MILAN, June 25 (Reuters) - The global personal luxury goods market is showing signs ‌of a recovery in the second quarter, despite the war in the Middle East, as demand in the U.S. was stronger than expected, consultancy Bain & Company said on Thursday.

In an update to its closely watched annual ​outlook for the sector, Bain said its base-case scenario now points to a 2% to ​4% rise in personal luxury sales this year. That compares with a ⁠previously forecast 3% to 5% increase published in November, before the outbreak of the U.S.-Israeli war on ​Iran.

The personal luxury goods market, which was valued at €358 billion ($406 billion) in 2025, has contracted over ​the past two years. It shrank by 2% at current exchange rates in 2025, although it edged up 1% in constant currencies.

Looking at the broader luxury industry, experiences continue to outpace tangible goods, according to the study, ​produced with Italian luxury industry group Altagamma.

"We see growing uncertainty and turmoil at the macroeconomic ​and socio-political levels, but the market is there," Bain partner Federica Levato told Reuters.

Geographically, the growth in the U.S., ‌led ⁠by native brands and younger consumers' spending, is partly offsetting a slowdown in the Middle East and Europe. China is slowly recovering, with growth led more by ready-to-wear products than leather goods.

"America is growing more than expected and China is recovering faster than expected," Levato said.

Europe was impacted ​by depressed tourist flows, ​though signs of stabilisation ⁠emerged in May.

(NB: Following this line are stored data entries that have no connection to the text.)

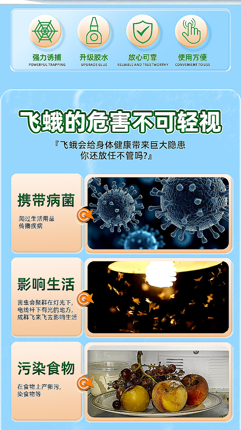 新殺虫剤、ハエキベイト、ハエ薬、ショウジョウバエトラップ、小飛虫粘着ハエゼリー、ショウジョウバエ薬品加工品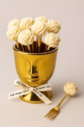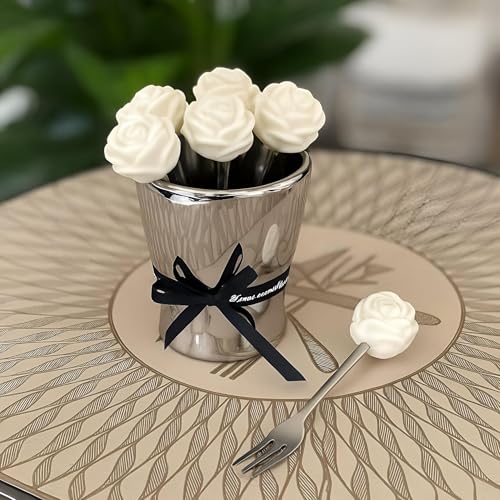 Generic - ادوات مائدة - مجموعة شوك حلوى من الستانلس ستيل تتميز برؤوس ورد أنيقة، حامل بورسلين لتقديم عملي، لمسة نهائية مضادة للصدأ لضمان المتانة لتناول الطعام المنزلي الأنيق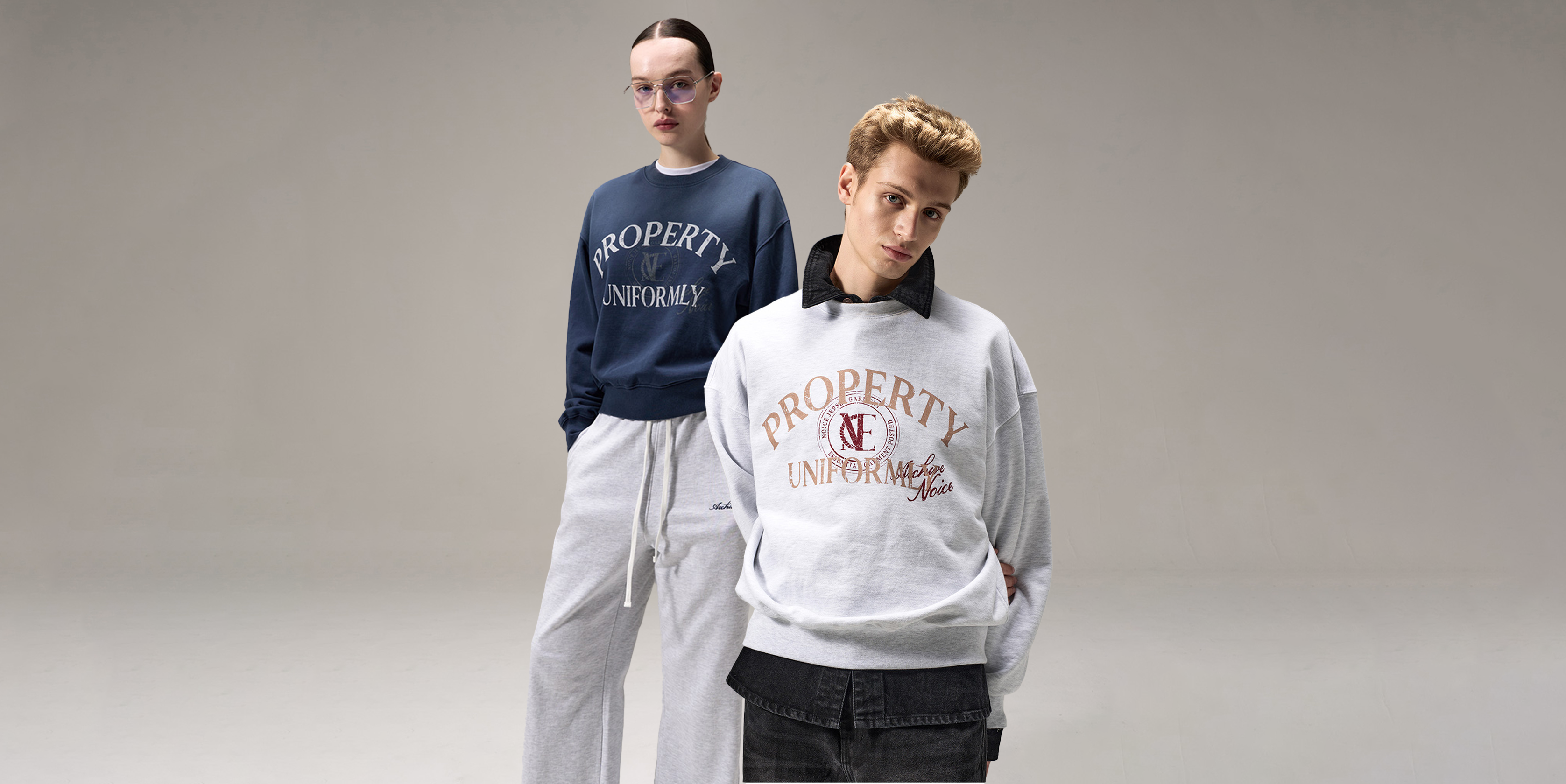 PROPERTY 캠퍼스 헤리티지를 담은 컬렉션 미국의 80년대 캠퍼스 유니폼과 스포츠 웨어에 노이스의 아이텐티티를 담은 새로운 컬렉션을 소개합니다. PROPERTY 심볼과 타이포그래피를 더한 티셔츠, 집업 후디, 스웻 셋업으로 구성된 데일리 웨어를 만나보세요.

AN AI ROLE IN LUXURY SPENDING

Levato said the industry has lost around 70 million consumers since 2022, as brands raised prices and ​focused more heavily on top-spending clients.

"The industry should refuel the growth of ​the consumer ⁠base rather than focus only on the top 1%," she said.

The study also found artificial intelligence is rapidly reshaping how consumers discover and evaluate luxury brands. About half of luxury consumers already use ⁠AI in ​making purchases, relying on it for discovery and to ​compare products.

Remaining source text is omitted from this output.